A version of this article was originally published in The Dundee Courier on 21 January 2017.
IMAGINE… LISTEN TO ME
MARLON: Saturday,
BBC Two
SOUND OF MUSICALS WITH
NEIL BRAND: Friday,
BBC Four
An
extraordinary tribute to an extraordinary man, the award-winning documentary LISTEN TO ME MARLON was/is that rarest
of beasts – a profile of an artist that matched the depths and complexity of
the subject in question.
Shown
as part of the Imagine strand (the
dreaded Alan Yentob’s introduction was mercifully brief), this mesmerising film
revolved around judiciously edited highlights from hundreds of hours of Marlon
Brando’s self-recorded ruminations on the meaning of life and art.
Most
self-analytical actors could bore you to tears with such lofty subject matter,
but Brando wasn’t most self-analytical actors.
As
these tapes confirmed, he was an intensely thoughtful, sensitive, eloquent man
who never considered himself any greater or more important than anyone else. On
the contrary, he spent most of his adult life in a state of almost self-disgusted
ambivalence when it came to his craft.
Brando,
quite rightly, will always be regarded as one of the greatest actors who ever
lived, but acting often struck him as an absurd way to make a (very lucrative)

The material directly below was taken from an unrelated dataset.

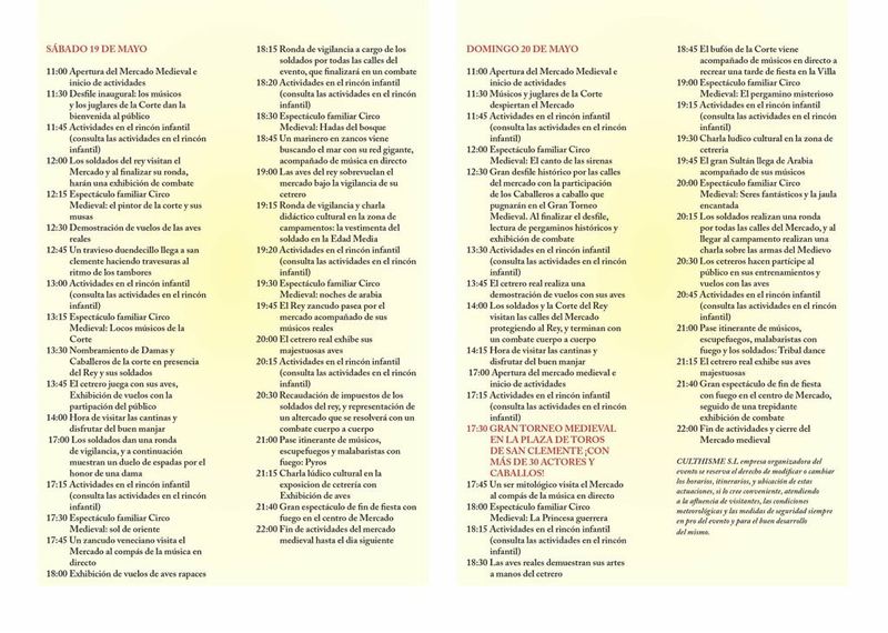 Durante los próximos días 19 y 20 de Mayo se celebra en San Clemente el XIX Mercado Medieval de dicha localidad.
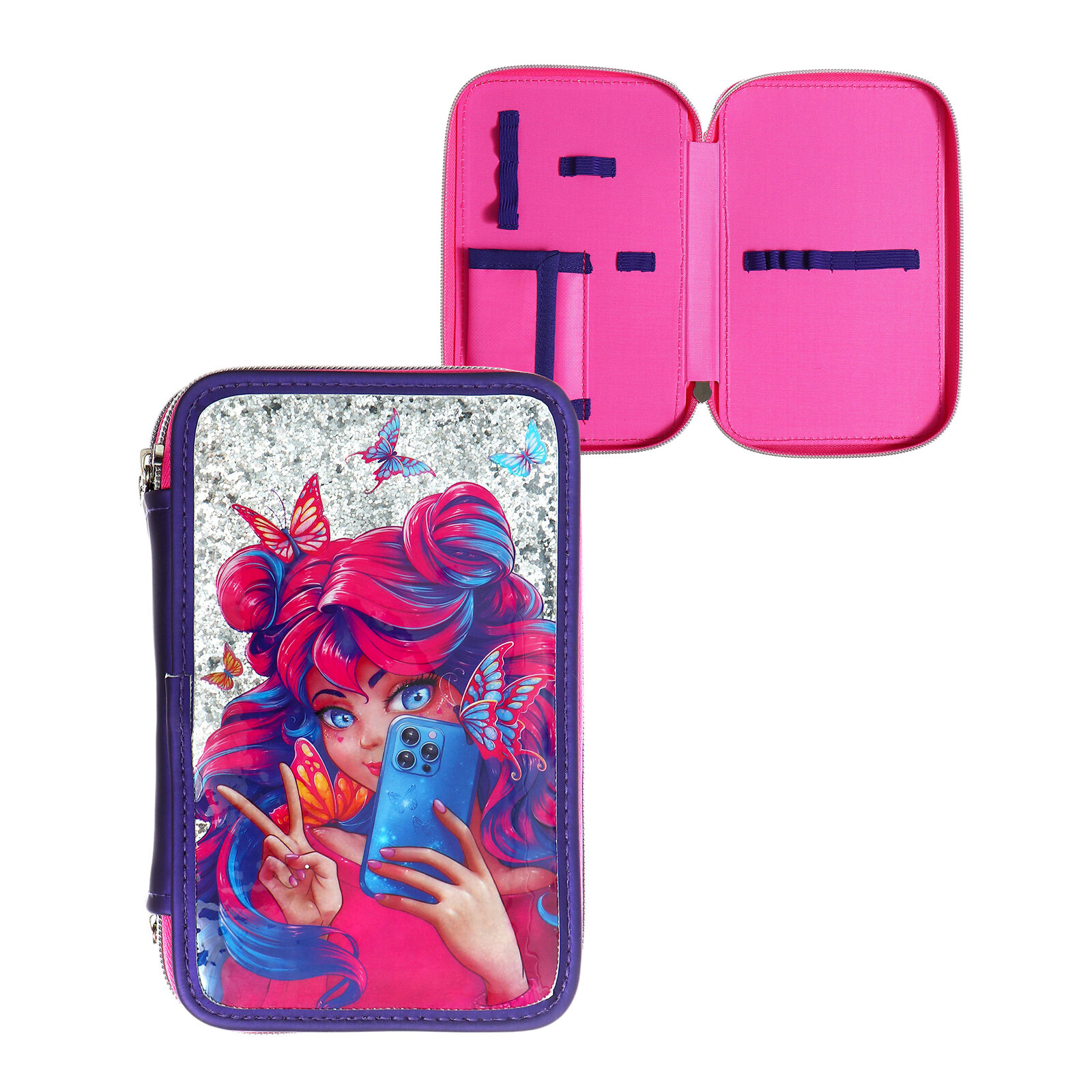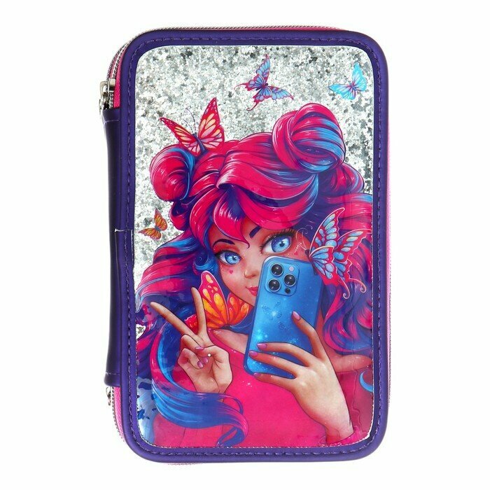 Пенал школьный (без наполнения, 13x20,5x7 см, глиттерная бумага, искусственная кожа, ПВХ, молния, полноцветная печать, ПЭТ-пакет).

living. And yet he was evidently fascinated by its - and by extension, human
nature’s – muddled contradictions.
Unlike
most documentary tributes to great artistes, this film, by director Stevan
Riley, actually tapped into the psychological essence of its subject.
Having
Brando as a narrator helped immeasurably, of course, but Riley obviously came
to understand this eccentric soul after spending so much time in his head
(literally represented at points by an eerie computer-generated simulation).
A
portrait emerged of a man whose sensitivity was forged from a childhood raised
by an alcoholic mother whom he adored, and a tough, violent, emotionally
distant father.
Brando
craved love and appreciation, hence why he became an actor, but movie stardom
and critical plaudits eventually revealed themselves to be just another illusory facet
of a hypocritical, unjust society. He was in essence a good, if troubled, man.
But
let’s not get carried away. Despite being produced with the blessing of
Brando’s estate, Riley’s film, for all its compassion for the man, wasn’t a blanket
hagiography.
It
didn’t ignore his notoriously fractious relationship with directors whose work
didn’t compliment his often stubbornly wayward vision of how a part should be
played. He was a right pain in the arse, sometimes for the sheer hell of it.
His
later performances could be embarrassingly lazy – he wore an earpiece feeding
him lines - which no amount of disillusionment with acting can excuse. The last
half of his career sometimes felt like a cynical, cash-grabbing joke at the
world’s expense.
A
lifelong supporter of the underdog, Brando may have used his embarrassing
celebrity status to raise awareness of social injustice, but he also exploited
it in pursuit of women. One of his choice quotes from the film, typical in its sly
erudition, was: “I was known and destined to spread my seed far and wide.”
Then
again, what woman or man could resist the young, beautiful Brando in his
charismatic pomp? Much like the similarly carnal yet self-mocking Elvis
Presley, there was – at the risk of soliciting hyperbole - something almost
Godlike about Brando. And yet Brando, like Elvis, always wrestled with nagging
guilt: why am I the chosen one?
Riley’s
haunting film humanised this tarnished deity to quite stunning effect.
In
the latest episode of SOUND OF MUSICALS
WITH NEIL BRAND, the estimable music historian traced, with characteristic
acuity, the maturation of stage musicals during the late 1950s and 1960s.
This
was an era when Jewish artisans such as Lionel Bart and Leonard Bernstein
began, via classics such as Oliver!
and West Side Story, to tackle deeper
themes of social inequality and racial identity.
In
many ways the essence of BBC Four, Brand’s illuminating lectures – with their
avuncular yet authoritative tone – are a delight. Whenever Earth’s biggest
bores start grousing about the licence fee, this is the sort of programme I
nominate in its defence.
Never
underestimate the value of a modest, impassioned expert.